Phillip Hammond delivered his first and last spring budget on Wednesday afternoon, as he takes on the task of steering the British economy and finances through Brexit. Among the key headlines were rising inflation forecasts and downgraded GDP growth, despite positive sentiment around future employment projections.
More specific to the energy industry, Hammond pledged support for North Sea oil and natural gas as well as funding for innovative research and development, citing maximum exploitation of the remaining reserves as integral to the UK energy sector.
In regards to the Levy Control Framework (LCF), the government identified the need to limit costs to businesses and households as the UK decarbonises its energy supplies. The existing LCF has helped to control the costs of low carbon subsidies in recent years and will be replaced by a new set of controls, with further details set to be announced later this year.
Ideas to reform the EU’s trading scheme for cutting carbon emissions was recently approved by the member states. Clarity on carbon prices that businesses will pay in the 2020s is set to be released in the autumn budget.

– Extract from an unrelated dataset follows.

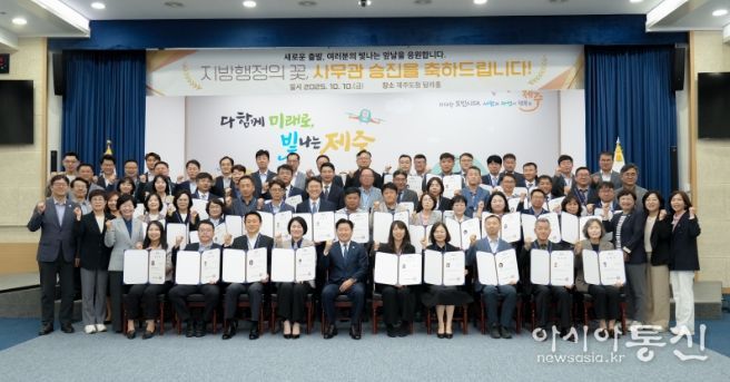 [아시아통신] 제주특별자치도는 10일 오전 도청 탐라홀에서 사무관 및 연구·지도관 승진자 50명에게 임용장을 수여했다.

Furthermore, the first steps towards improving the functioning of retail markets for consumers has been outlined, with the Treasury reaffirming plans to make the markets work more efficiently and fairly.
To summarise what this means to the end user; there will be little to no impact in the immediate future but the wholesale energy markets will remain volatile as the GB pound continues to weaken in the wake of the UK’s decision to leave the EU.